Angelman Syndrome Clinical Trial

Official title:
A Dose-escalation Tolerability Study of Levodopa/Carbidopa in Angelman Syndrome

Clinical Trial Details — Status: Completed

Administrative data
NCT number NCT00829439
Other study ID # 08-10-0490
Secondary ID
Status Completed
Phase Phase 1
First received January 26, 2009
Last updated October 10, 2012
Start date January 2009
Est. completion date June 2010

Study information
Verified date October 2012
Source Children's Hospital Boston
Contact n/a
Is FDA regulated No
Health authority United States: Food and Drug Administration
Study type Interventional

Clinical Trial Summary

This study is designed to determine the highest dose of levodopa/carbidopa that can be tolerated without any serious side effects by children with Angelman syndrome.

It has been hypothesized that levodopa may lead to an improvement in the neurodevelopment and abnormal movements (e.g. tremors) in children with Angelman syndrome.

Data from this study will be used to design a phase II trial to determine the efficacy of levodopa in treating children with Angelman syndrome.

Description:

Levodopa is a prodrug that "delivers" dopamine to the brain. It is usually given with carbidopa, a peripheral decarboxylase inhibitor, to increase the bioavailability of levodopa. Animal studies have suggested that levodopa can reverse the excess phosphorylation of some enzymes involved in synaptic and neuronal function, including calcium/calmodulin-dependent kinase type 2 (CaMKII).

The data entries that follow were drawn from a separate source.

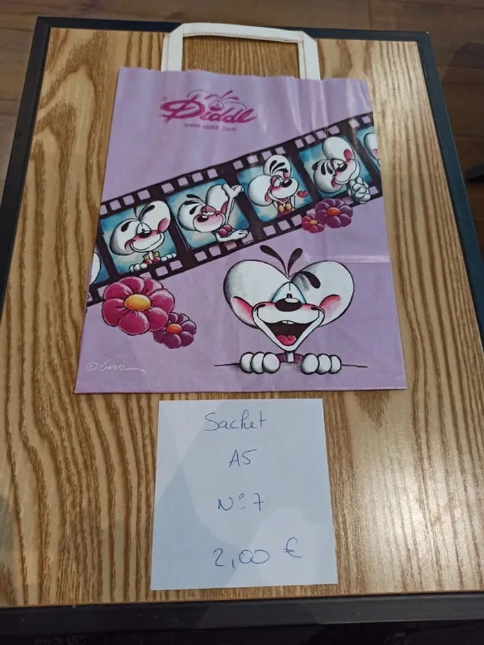 Sachet en papier Diddl A5 avec anses N°7 Le prix du sachet est de 2,00€ (A noter qu'un seul sachet sera vendu pour ce prix). En très bon état mais peut cependant présenter des traces de manipulation. Je vends également d'autres articles Diddl, des feuilles diddl, des papiers à lettres, des sac et sachets. N'hésitez à me donner la liste de vos feuilles manquantes. Article d'occasion, pas de reprise, ni d'échange.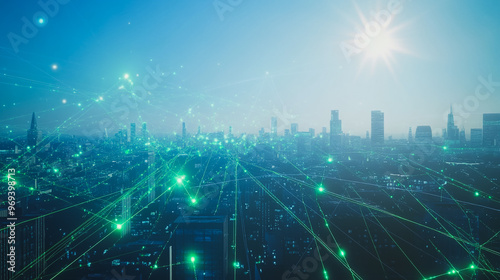 Smart digital city with connection cyber security network reciprocity over the cityscape . future smart wireless digital city and social media networking systems that connects people within the city
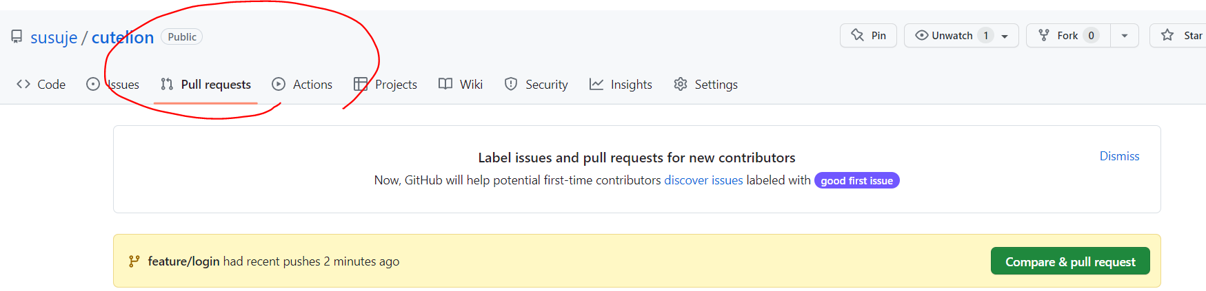 이 브랜치를 깃헙에도 쏘아줍시다.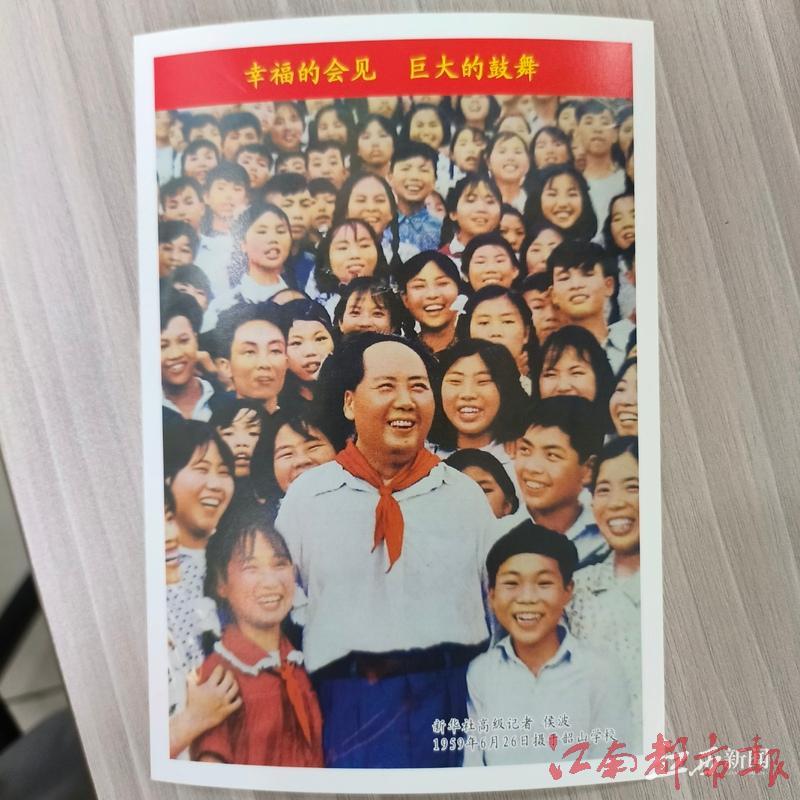 ▲蒋含宇赠送给记者的明信片(图中照片由新华社高级记者侯波1959年6月26日摄于韶山学校,照片下方右为蒋含宇,左为彭淑清。)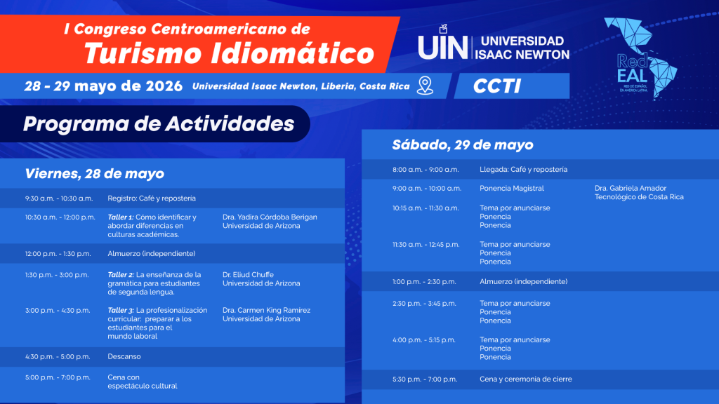 El primer congreso centroamericano para el turismo idiomático invita a docentes e investigadores a compartir métodos pedagógicos, diseño curricular y programación académica que respondan a las necesidades de estudiantes extranjeros que estudian en los países de Centroamérica y el Caribe.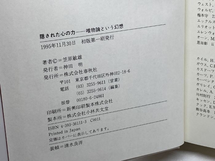 隠された心の力: 唯物論という幻想 春秋社 笠原 敏雄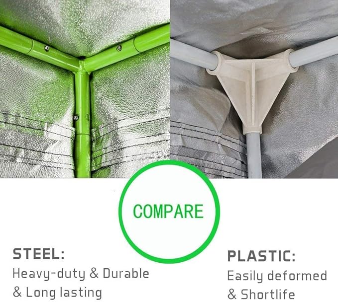 - HIGH QUALITY & PVC FREE: This indoor growing tent with heavy-duty zippers with black lining and double stitching for light protection ensure durability and long-lasting use. And we use peva environmentally friendly materials, which is PVC free. 600D Thick tent material reinforced by the metal poles ensures security and stability.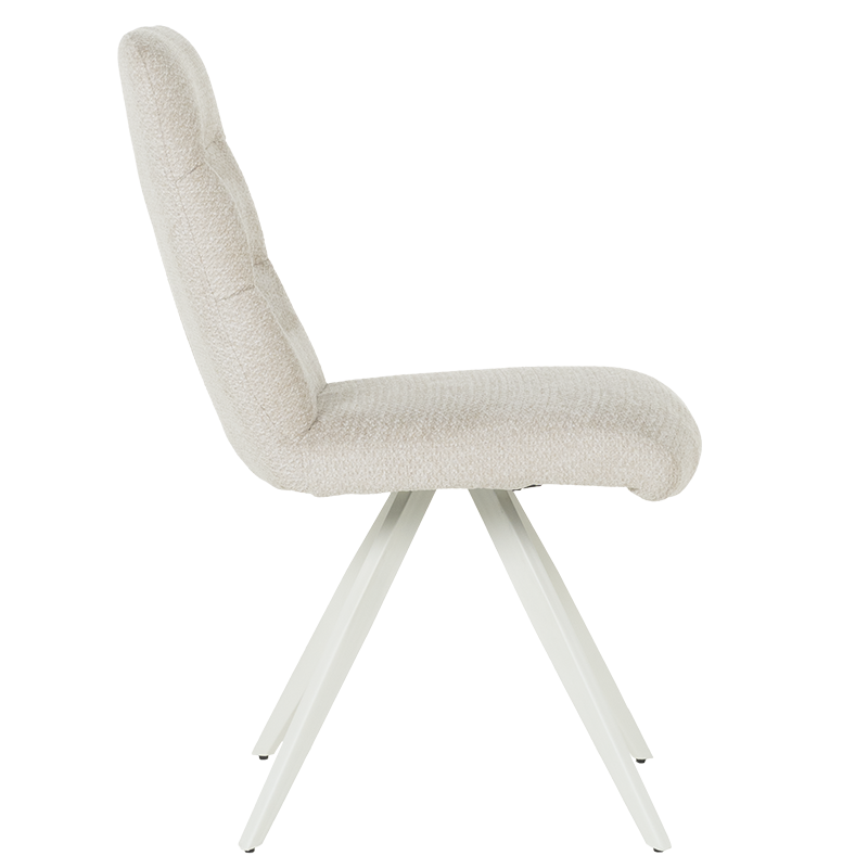 Този елегантен трапезен стол съчетава съвременен дизайн с изтънчен комфорт, идеален за всяка модерна трапезария. Изработен с внимание към детайла, столът предлага изключителна стабилност и дълготрайност. Седалката и облегалката са облечени в мек текстил, който придава усещане за уют и топлина. Цветът на тапицерията е деликатен шампанско, който лесно се съчетава с различни интериорни стилове и добавя нотка на лукс към всяко пространство.

Recently, it was shown that excess phosphorylation of CaMKII may be responsible for some of the neurological deficits seen in Angelman syndrome. Therefore, it is hypothesized that levodopa may lead to an improvement in the neurodevelopment and abnormal movements (e.g. tremors) in children with Angelman syndrome.

Although many children have used levodopa for a variety of medical conditions over the last 30 years, it has not been approved by the Food and Drug Administration (FDA) for use in children, and it has not been formally studied in children with Angelman syndrome, so we do not know what dose of levodopa is most appropriate for children with Angelman syndrome.

Therefore, the purpose of this study is to find out the highest dose of levodopa that children with Angelman syndrome can tolerate without any serious side effects.

Once we know the dose of levodopa that can be tolerated by children with Angelman syndrome, we will conduct a larger follow-up study to find out whether levodopa will lead to an improvement in their development and tremor.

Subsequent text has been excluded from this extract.